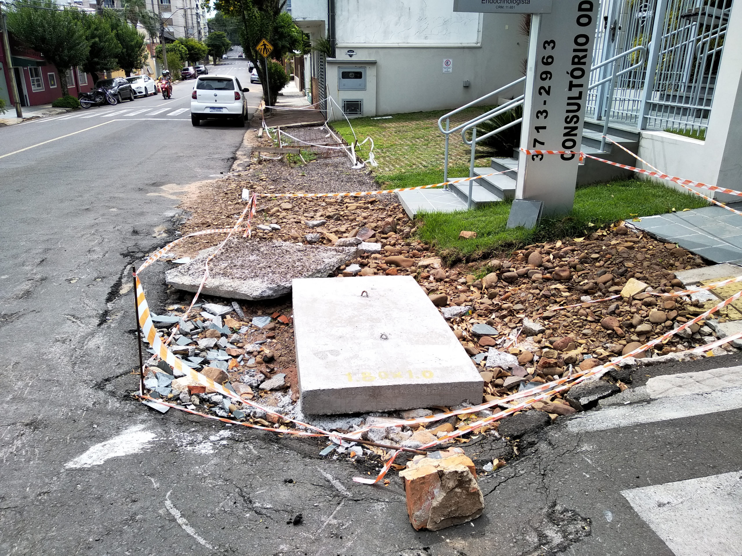 A Gazeta recebeu nesta semana queixas de leitores em relação ao estado da esquina entre as ruas Gaspar Silveira Martins e Jorge Hoelzel. Segundo os relatos, a enxurrada do dia 28 de janeiro causou danos na tubulação pluvial e na calçada.
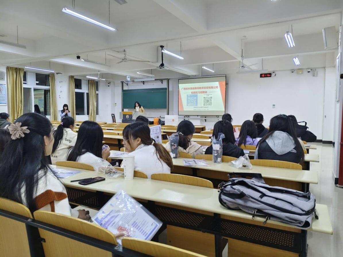 为深入推动2025届应届毕业生的就业工作,2024年11月22日晚,乐天堂f88联合广西桂林美德赛得教育投资有限公司在南校区飞天楼407教室举办了一场别开生面的宣讲会。美德赛得投资有限公司的招聘负责人莅临现场,吸引了众多2025届毕业生参加。
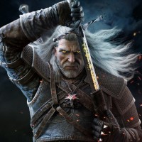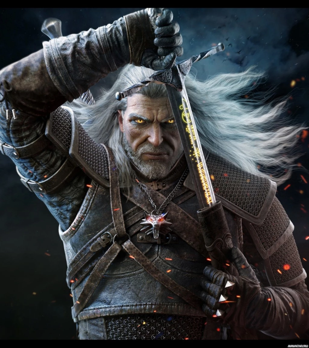 the video game series "The Witcher," known for his distinctive white hair, goatee, and the two swords he wields. He is dressed in armor that appears to be made of metal plates with
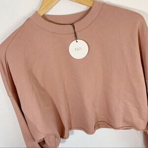 NWT NIA Pandora Long Drop Shoulder Sleeve French Terry Crew Neck Crop Pullover
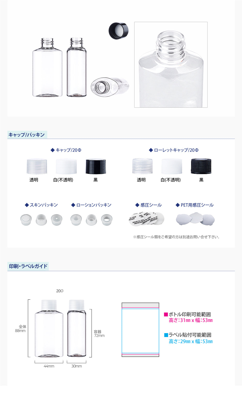 容量:60ml / 口径 : 20φ / 高さ:88mm / 幅 : 44mm / 奥行 : 30mm
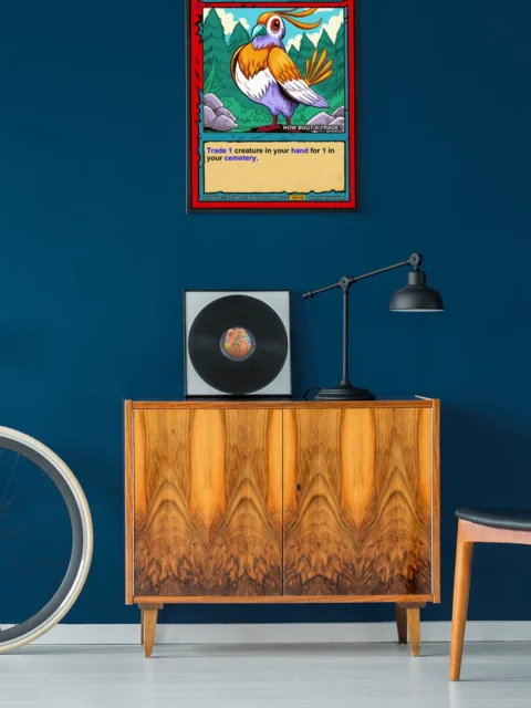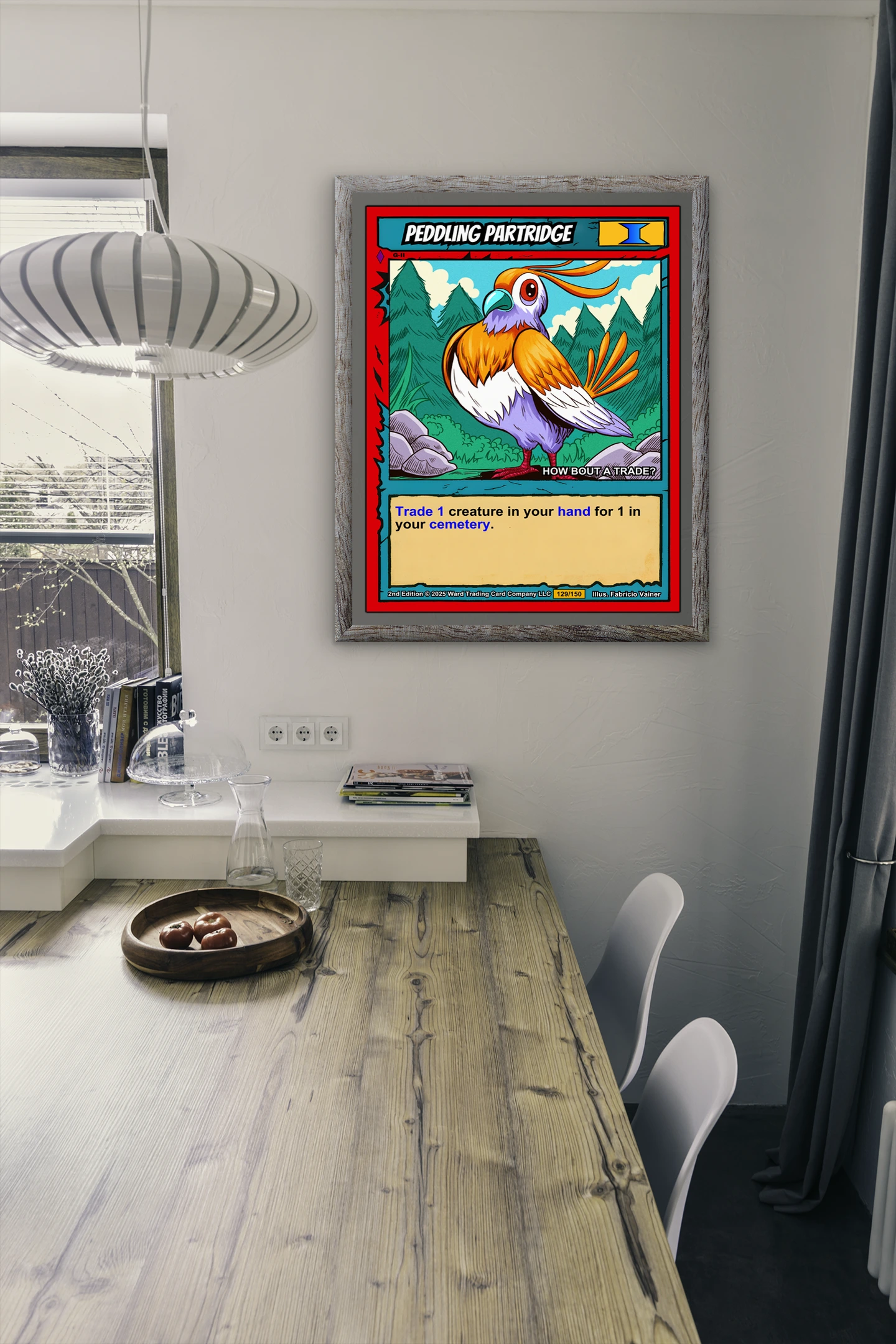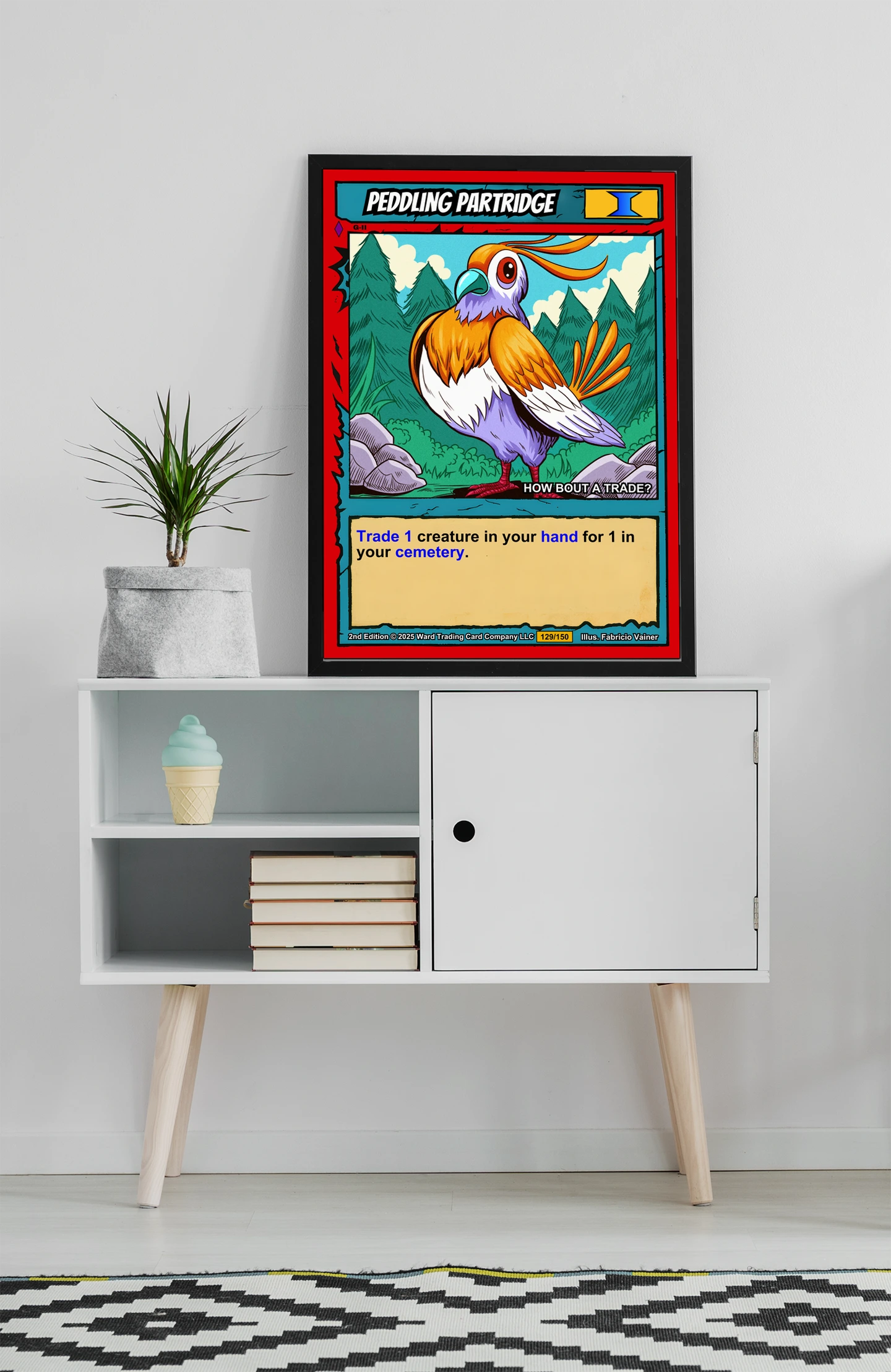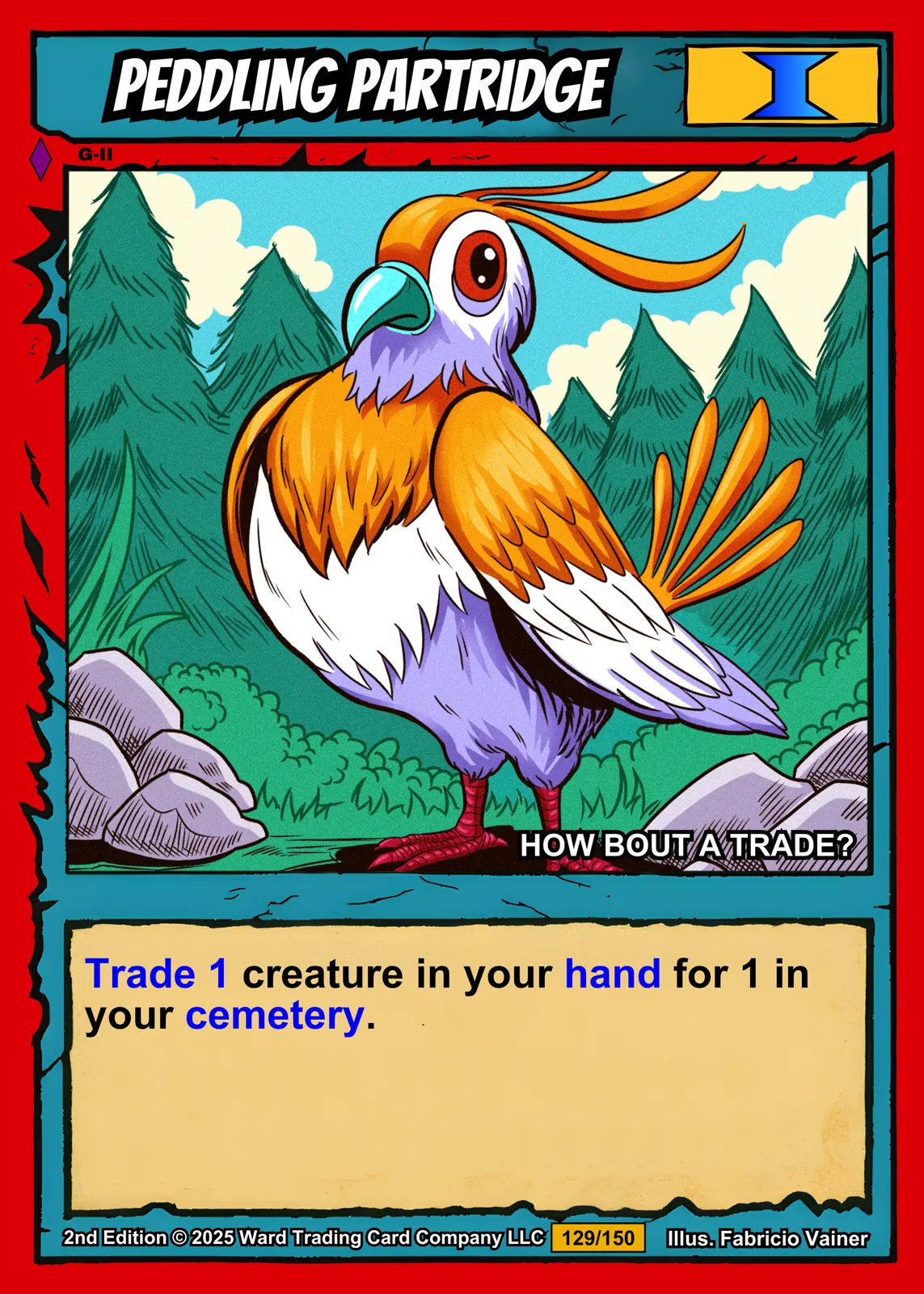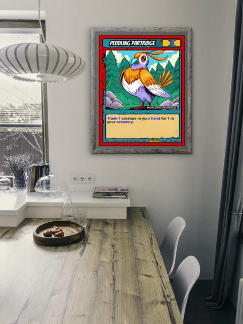 Peddling Partridge Fantasy Canvas Print from Ward TCG: A friendly partridge merchant asks ‘HOW BOUT A TRADE?’ against evergreen forest and rocky ground in bold cel-shaded style.
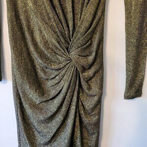 Ted Baker London Black and Gold Metallic Dress with Gathered Knot Size 0
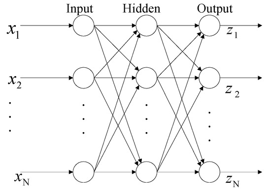 ANNs have been developed as an important tool in modeling relations between input and output data [14]. It depends a lot on signal processing elements called neurons. They are associated, and the intensity of the associations is denoted by parameters named weights. There are several kinds of ANN structures. The best known one is the feed forward neural network (FFNN), which is generally divided into multiple layers. Usually, there is an input layer, a few hidden layers, and an output layer. In this work, the FFNN with the network structure shown in Figure 7 was built. The input layer is the first layer that imports all inputs to the network. The second layer is the hidden layers. The output layer is the third layer where outputs are received [15]. The training of the FFNN is done by minimizing the cost function, usually a quadratic function of output error. The most common training algorithm for FFNN is the back propagation (BP) algorithm. Therefore, a BP algorithm was used during the training in the present work.
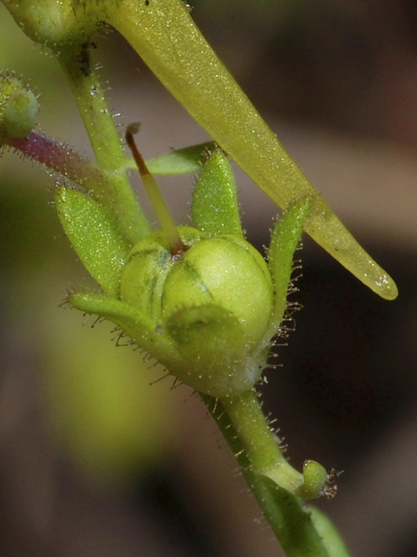 Kapsel kugelig, 3 - 5 mm im Durchmesser, kahl oder drüsig behaart
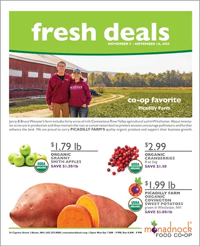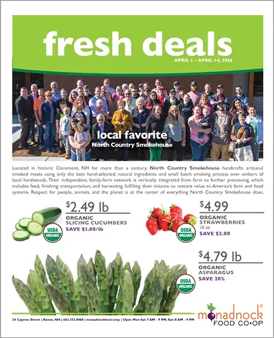 Named NH Business of the Year by Business NH Magazine in 2024, Monadnock Food Co-op is a proud supporter of the Monadnock region. Based in Keene, NH, we also serve the surrounding towns of Peterborough, Swanzey, Chesterfield, Jaffrey, Rindge, Walpole, and the greater Cheshire County area. Monadnock Food Co-op, where good, local food is just the beginning.

What you should do –
Exactly the lines from the one with "Kapsel kugelig, 3" through the end of the listing above are to be repeated, with no pictures.

Written reply –
 Kapsel kugelig, 3 - 5 mm im Durchmesser, kahl oder drüsig behaart
 Named NH Business of the Year by Business NH Magazine in 2024, Monadnock Food Co-op is a proud supporter of the Monadnock region. Based in Keene, NH, we also serve the surrounding towns of Peterborough, Swanzey, Chesterfield, Jaffrey, Rindge, Walpole, and the greater Cheshire County area. Monadnock Food Co-op, where good, local food is just the beginning.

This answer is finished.